GIVEN INFORMATION >>
==*==

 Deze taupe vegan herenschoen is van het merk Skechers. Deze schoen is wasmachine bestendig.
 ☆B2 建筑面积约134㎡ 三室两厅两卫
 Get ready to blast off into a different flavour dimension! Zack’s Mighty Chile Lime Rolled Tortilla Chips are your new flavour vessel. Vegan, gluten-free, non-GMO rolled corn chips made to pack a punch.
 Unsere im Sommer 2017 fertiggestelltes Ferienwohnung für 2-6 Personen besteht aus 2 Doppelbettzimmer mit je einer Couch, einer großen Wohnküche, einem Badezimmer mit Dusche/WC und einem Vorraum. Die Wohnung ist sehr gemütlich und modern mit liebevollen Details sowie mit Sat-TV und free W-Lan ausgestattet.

==*==

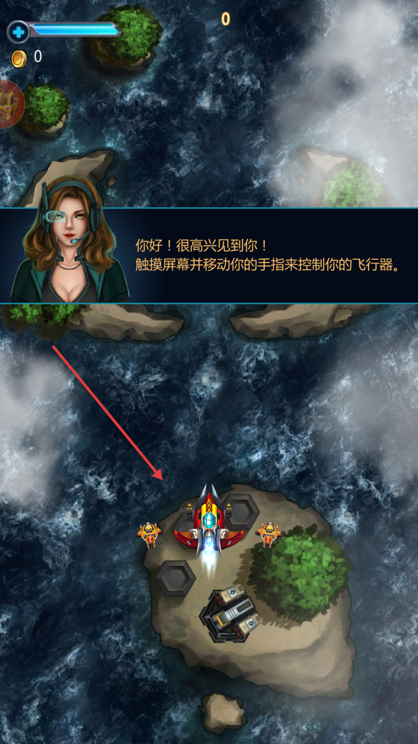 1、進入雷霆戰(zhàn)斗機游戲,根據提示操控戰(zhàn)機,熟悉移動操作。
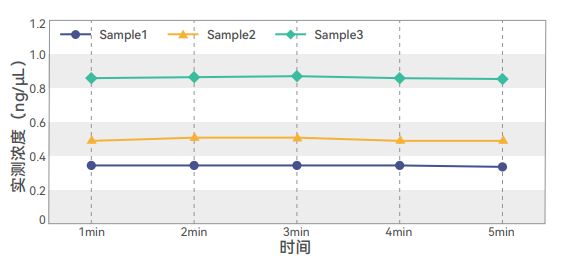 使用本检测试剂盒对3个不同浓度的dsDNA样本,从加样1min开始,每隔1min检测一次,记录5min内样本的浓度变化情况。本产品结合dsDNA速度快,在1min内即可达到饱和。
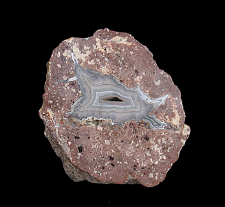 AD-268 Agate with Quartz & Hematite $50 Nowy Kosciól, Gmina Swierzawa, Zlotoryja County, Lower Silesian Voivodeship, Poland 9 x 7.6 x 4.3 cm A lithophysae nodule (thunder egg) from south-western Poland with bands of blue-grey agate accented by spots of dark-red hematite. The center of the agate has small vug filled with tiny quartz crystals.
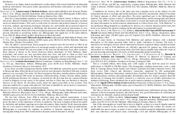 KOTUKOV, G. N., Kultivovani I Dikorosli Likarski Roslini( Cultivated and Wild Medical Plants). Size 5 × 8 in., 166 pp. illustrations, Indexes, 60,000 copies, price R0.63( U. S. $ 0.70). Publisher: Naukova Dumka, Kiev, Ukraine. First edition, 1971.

==*==

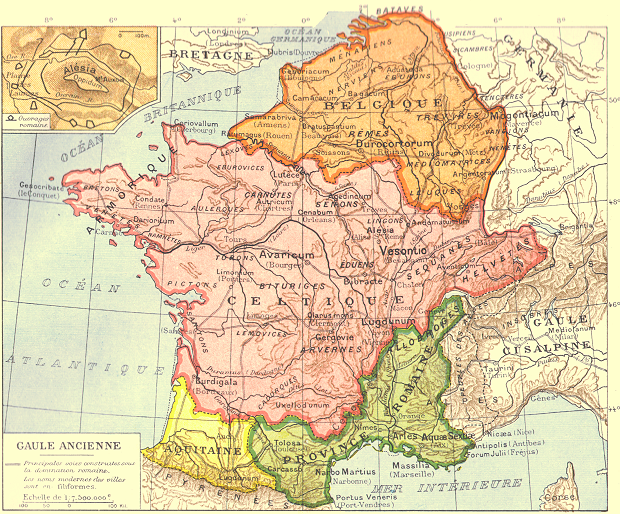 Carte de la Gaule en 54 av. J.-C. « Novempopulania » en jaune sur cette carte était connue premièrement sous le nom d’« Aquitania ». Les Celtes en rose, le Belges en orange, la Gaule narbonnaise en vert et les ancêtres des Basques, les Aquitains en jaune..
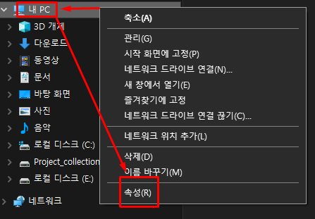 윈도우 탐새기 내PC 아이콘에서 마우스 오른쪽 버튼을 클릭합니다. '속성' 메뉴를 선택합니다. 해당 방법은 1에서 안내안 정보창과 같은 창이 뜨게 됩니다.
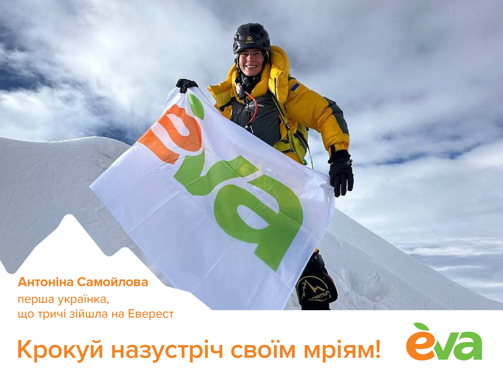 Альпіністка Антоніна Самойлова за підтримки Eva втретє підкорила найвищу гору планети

==*==

WORK REQUEST >> Look above for the line with "Deze taupe vegan" and the line with "Unsere im Sommer"; transcribe both and all lines in between, exactly, and nothing else.

ANSWER BELOW >>
 Deze taupe vegan herenschoen is van het merk Skechers. Deze schoen is wasmachine bestendig.
 ☆B2 建筑面积约134㎡ 三室两厅两卫
 Get ready to blast off into a different flavour dimension! Zack’s Mighty Chile Lime Rolled Tortilla Chips are your new flavour vessel. Vegan, gluten-free, non-GMO rolled corn chips made to pack a punch.
 Unsere im Sommer 2017 fertiggestelltes Ferienwohnung für 2-6 Personen besteht aus 2 Doppelbettzimmer mit je einer Couch, einer großen Wohnküche, einem Badezimmer mit Dusche/WC und einem Vorraum. Die Wohnung ist sehr gemütlich und modern mit liebevollen Details sowie mit Sat-TV und free W-Lan ausgestattet.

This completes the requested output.